Master and i said that soft limits were things that we would discuss beforehand and that i could say no on if i felt uncomfortable with.  i found a new “yes-no-maybe” list.  This one is like 16 pages and full of stuff that i hadn’t even thought of.  i filled it out for Master and made some changes from the last one.  There’s still some “soft limit” stuff on there.  Yes, it’s stuff we’d probably discuss beforehand.  But i’m coming to a place where i don’t think that i will deny Him any of my soft limits.  My thought process is that i need to trust Him and let Him have the control over our mutual sexual experiences.  A lot of what i have as soft limits now are things that i’m not sure i can do physically (like prolonged bondage due to joint problems)  or it’s stuff that we have never tried before so for the sake of safety, a discussion beforehand is warranted.  i also think that once we experience a couple of them, they won’t be soft limits anymore and i wouldn’t need the “heads up” if you will.  i’m not saying that the experiences wouldn’t make me nervous or that i wouldn’t be afraid during some of them, but that i would go ahead with them because i love Him and trust Him and submit to Him.




Monday, October 28, 2013

Limit

lim·it; noun; a point or level beyond which something does not or may not extend or pass.

i have hard limits.  No urophilia or coprophilia.  No medical play.  No blood, needles, or knives.  No feet (it’s a thing, i don’t like people putting their feet on me or touching other people’s feet).  No fisting.  No hoods.  Fortunately, Master is completely fine with my hard limits (well, i’m sure he’d love to make me worship his feet or give him a foot massage as a punishment given my silly phobia…i’m not stupid, that’s why it’s a hard limit.)

Then there are soft limits.  Things that i’m not comfortable with yet, or i am not comfortable being surprised with.  i know Master wants to involve other people and while i will gladly be with another woman, i hesitate at having to suck or fuck another man’s cock.  Going to a sex club is one i’m trying to work up to.  It’s not the going; it’s the participating.  Public exhibition also makes me very skittish.  The risk of being caught isn’t really a turn on for me, it’s more of an aversion, and so it’s something that I’ll have to work through in order to do something of the things that He wants.  Fuck machines and some of the more extended and extreme bondage i need to work up too as well.
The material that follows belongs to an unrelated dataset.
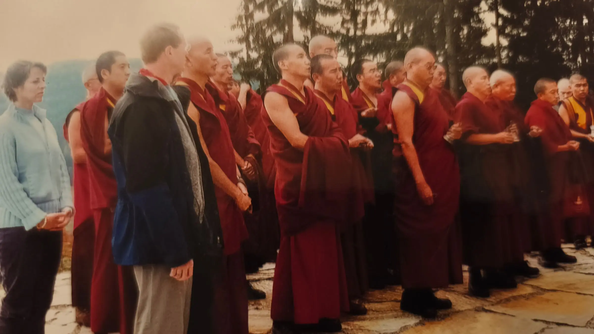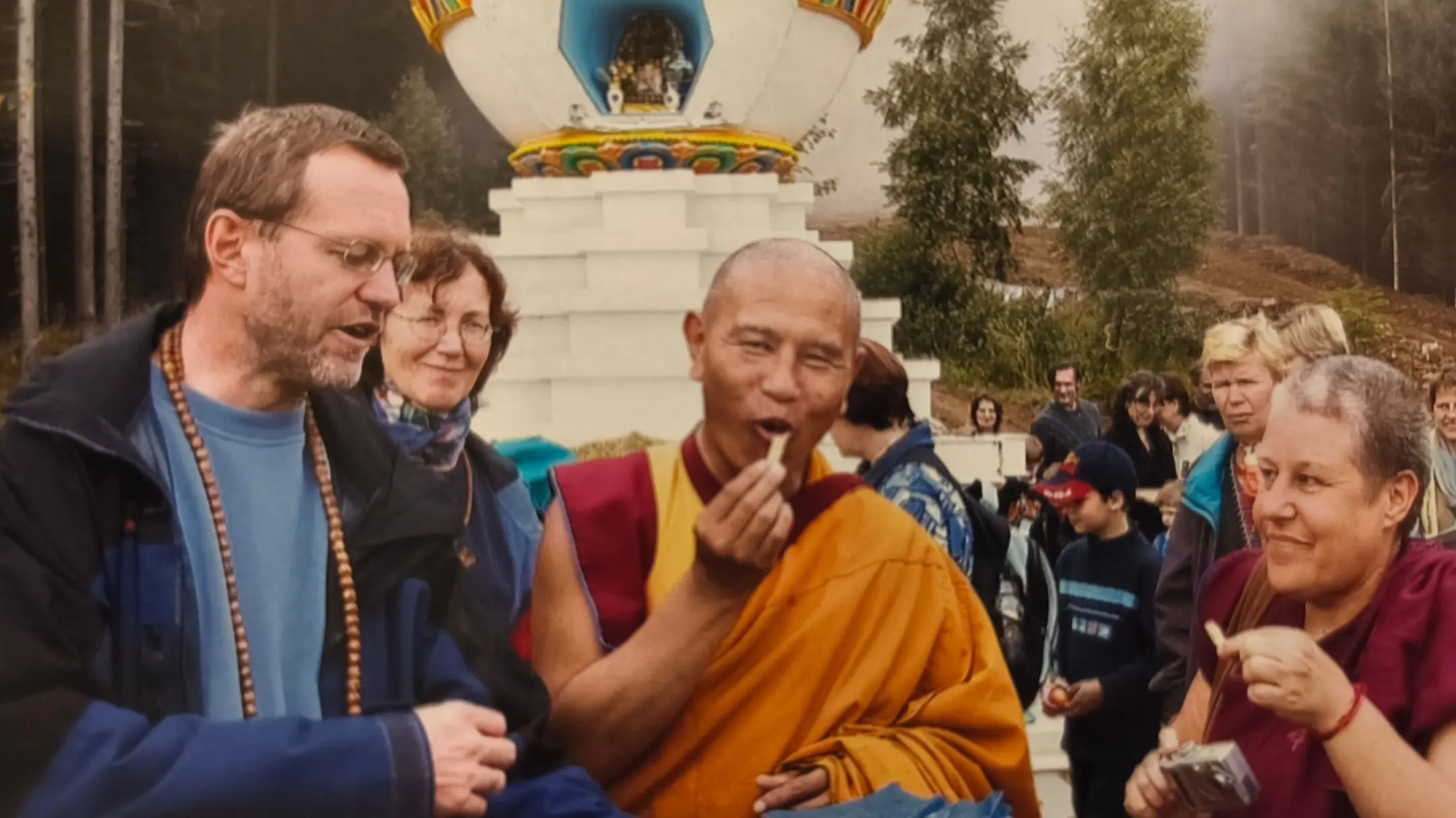 The stupa was inaugurated through a traditional rabné consecration ceremony. In this ceremony, a qualified Vajra Master invokes the blessings of the deity into the sacred object—in this case, the stupa—activating it as a powerful support for future practitioners and for the benefit of all who come into contact with it. The Kalachakra stupa at Garanas was conecrated by Jhado Rinpoche in the presence of twenty monks from Namgyal Monastery. Jhado Tulku Rinpoche is a highly respected Tibetan Buddhist master in the Gelug tradition, widely known for his connection to the Kalachakra lineage and his role as a former abbot of Namgyal Monastery. More recenlty Rinpoche also served as an Abbot and chant master at Gyuto, the Upper Tantric College from 2013 and 2017.

There’s probably a few more i haven’t even thought of yet.  i expect Master to test me and push me until these aren’t soft limits anymore.  i want Him to.  i think i need to get used to TTWD in practice first.  When we were going over them, i felt bad that i had these limits.  i don’t want to hold back, deny Him any pleasure or fantasy that He desires.  i want to completely trust in Him and just let go and allow Him to lead me.

Baby steps.

One, a rather simple one, is posting pictures of myself.  i worry about what would happen if someone found them.  Not that i’m ashamed of TTWD.  Just that i feel like our family and friends wouldn’t understand.  We don’t have too many kinky friends (something that must be corrected).  Master wants to be able to show off my body.  Since we first started talking about this blog, before i even wrote my first post, i balked at posting pictures.  i asked for time to figure out how to do it in a way that i felt protected me and still gave Him what he wanted.  When i realized the other day, how at peace i was with my submission, i also realized that i was ready to take this first step.